We use a CEPH cluster to store images of our virtual machines. This cluster contains 3 monitors, 4 storage nodes and 1 admin.
CEPH OSD TREE
ID WEIGHT TYPE NAME UP/DOWN REWEIGHT PRIMARY-AFFINITY
-1 21.82190 root default
-2 5.45547 host ceph01
0 1.09109 osd.0 up 1.00000 1.00000
1 1.09109 osd.1 up 1.00000 1.00000
2 1.09109 osd.2 up 1.00000 1.00000
3 1.09109 osd.3 up 1.00000 1.00000
4 1.09109 osd.4 up 1.00000 1.00000
-3 5.45547 host ceph02
5 1.09109 osd.5 up 1.00000 1.00000
6 1.09109 osd.6 up 1.00000 1.00000
7 1.09109 osd.7 up 1.00000 1.00000
8 1.09109 osd.8 up 1.00000 1.00000
9 1.09109 osd.9 up 1.00000 1.00000
-4 5.45547 host ceph03
10 1.09109 osd.10 up 1.00000 1.00000
11 1.09109 osd.11 up 1.00000 1.00000
12 1.09109 osd.12 up 1.00000 1.00000
13 1.09109 osd.13 up 1.00000 1.00000
14 1.09109 osd.14 up 1.00000 1.00000
-5 5.45547 host ceph04
16 1.09109 osd.16 down 0 1.00000
17 1.09109 osd.17 down 0 1.00000
18 1.09109 osd.18 down 0 1.00000
19 1.09109 osd.19 down 0 1.00000
15 1.09109 osd.15 down 0 1.00000
First, since the last CentOs update, we can't synchronize our 4th server. On the other servers, there were no problems after the update. We tried to sync with:
nodown
option- Running VMs
- Stopped VMs
- Change HDD
- Change HDD slot
Does anyone have an idea or a lead for resynchronizing it?

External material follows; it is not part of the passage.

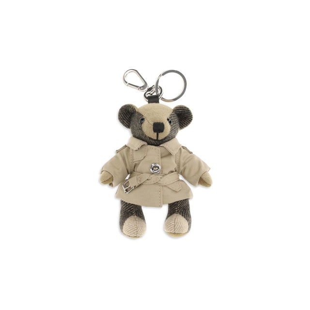 The Thomas Bear Charm by Burberry is a playful and refined accessory, crafted from cashmere with the iconic Burberry Check pattern. Thomas Bear wears a mini trench coat in cotton gabardine and features movable arms and legs, adding a dynamic and fun detail. The charm is finished with polished metal elements and the Burberry name engraved on the clasp, making it perfect for adding a distinctive touch to bags, key rings, or outfits.

Actually, we're considering a fresh installation of CentOS for server ceph04.
Secondly, we want to update the cluster. Is it possible to do this without disrupting the use of the cluster (with the VMs on)?
More infos
- OS:
CentOS Linux release 7.7.1908 (Core)
- CEPH version:
10.2.11
- Some machines have a large disk access.